■ **ACTIVITY**
Copy out only the lines running from the one that contains "Anacardium occidentale (Cashew)" through the end of the listing. Pictures stay out.

■ **INFORMATION PROVIDED**
* * * * * * * * *

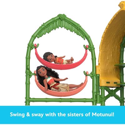 Inspirado en Moana 2 de Disney, la secuela teatral de la película original, los niños pueden ayudar a las muñecas pequeñas de Moana y Simea a pasar tiempo fraternal junto con este juego Village Home. Estas hermanas aventureras y su amiga, Pua, el cerdo, pueden descansar, comer y jugar en su falso. El juego se abre para un juego enriquecido con dos hamacas, una canoa mecedora y una mesa. Once accesorios para contar historias (frutas, tazas, cuencos, flores para el cabello y coronas) amplían las posibilidades de jugar con detalles fieles a la película. Las muñecas no pueden estar solas.
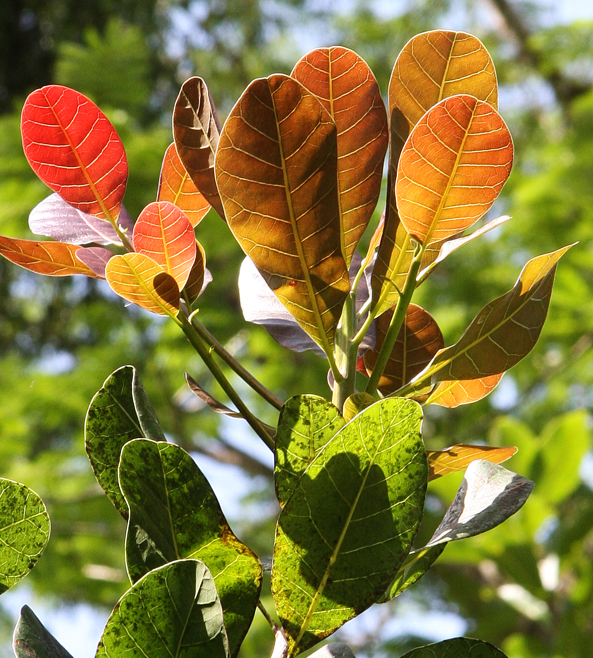 Anacardium occidentale (Cashew) - simple leaves with red color in young leaves.
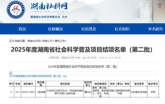 近日,从湖南省社会科学界联合会传来喜讯,best365官网校史陈列馆省级社科普及基地团队承担、图书馆(档案馆)副馆长谭玲玲主持的《从校史记忆到文化IP:校史馆多维共铸文化育人创新实践》项目,顺利通过2025年度湖南省社会科学普及项目结项评审,获评“优秀”等级。

* * * * * * * * *

■ **EXPECTED ANSWER**
 Anacardium occidentale (Cashew) - simple leaves with red color in young leaves.
 近日,从湖南省社会科学界联合会传来喜讯,best365官网校史陈列馆省级社科普及基地团队承担、图书馆(档案馆)副馆长谭玲玲主持的《从校史记忆到文化IP:校史馆多维共铸文化育人创新实践》项目,顺利通过2025年度湖南省社会科学普及项目结项评审,获评“优秀”等级。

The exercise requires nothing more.